Jun 9, 2026 | Content Lab | 0 comments

Seeing Beyond Speed: Debating AI’s Value in Medical Communications


Introduction

At the 2026 European Meeting of ISMPP, a lively “balloon debate” explored a deceptively simple question: what is AI’s most important value proposition in medical communications?

Framed around the familiar tension of delivering work faster, better, or cheaper, the session invited attendees to consider whether AI might fundamentally change the tradeoffs that medical communications teams have long managed. Presented in a deliberately provocative debate format, four speakers defended different perspectives on AI’s value: quality and trust, speed and scalability, transformational possibility, and informed skepticism.

While the positions were intentionally sharpened for discussion, the conversation itself revealed something more nuanced. Across viewpoints, several shared themes emerged around trust, human oversight, scalability, and the growing complexity of scientific communication. By the final round of debate, the speakers themselves acknowledged that the positions were less oppositional than they initially appeared.

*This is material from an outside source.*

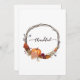 de Thanksgiving met een oranje pompoen, herfstbloemen, wijnstokken, takken, druiven, herfstbladeren en lettertekens. Het oranje en rode herfstjaar van de Thanksgiving van de van de wordt het seizoen van de herfst in aanmerking genomen.

Theme 1: Quality as the Foundation of Trust — with Speed as a Conditional Enabler

Jason Gardner (Real Chemistry) argued that AI’s greatest value lies in strengthening quality, accuracy, and consistency across medical communications. In healthcare, he noted, quality is not simply a desirable outcome; it underpins trust, credibility, and patient safety. Even minor inconsistencies across publications, slide decks, or educational materials can have meaningful consequences.

Against a backdrop of rapidly expanding medical literature and increasing cognitive burden on teams, AI was framed as a mechanism for supporting scientific rigor rather than replacing human expertise. Gardner described AI as augmenting human thinking by helping teams synthesize large volumes of information, identify inconsistencies, and maintain alignment across multiple deliverables. Importantly, he repeatedly emphasized the need for “human oversight” and high-quality inputs.

Anisha Mehra (Ferring Pharmaceuticals) approached the debate from a different angle, focusing on AI’s ability to accelerate evidence generation, insight identification, content creation, and global deployment. Through a staged interaction with an AI-generated “virtual colleague,” she illustrated how AI tools could reduce manual workload and create operational scale within medical affairs teams.

Examples included AI-assisted literature reviews, automated insight clustering, and modular content approaches that could support adaptation of global materials for local markets and audiences. Rather than positioning AI as a replacement for medical writers, Mehra described it as shifting professionals toward higher-value work such as interpretation, strategic review, and scientific engagement.

Although Gardner and Mehra emphasized different benefits, their perspectives converged on a common theme: AI can help teams manage growing complexity while preserving trust in medical communications. For Gardner, that trust begins with quality, accuracy, and human oversight. For Mehra, AI-enabled speed allows teams to generate insights, adapt content, and respond to evolving needs more effectively. Together, these perspectives suggest that speed delivers value when it supports—not supersedes—the quality standards that underpin scientific credibility.

Theme 2: AI as an Enabler of New Possibilities

Martin Delahunty (Inspiring STEM Consulting) argued that the most important impact of AI may not be doing existing work faster, but enabling work that was previously impractical to deliver at scale.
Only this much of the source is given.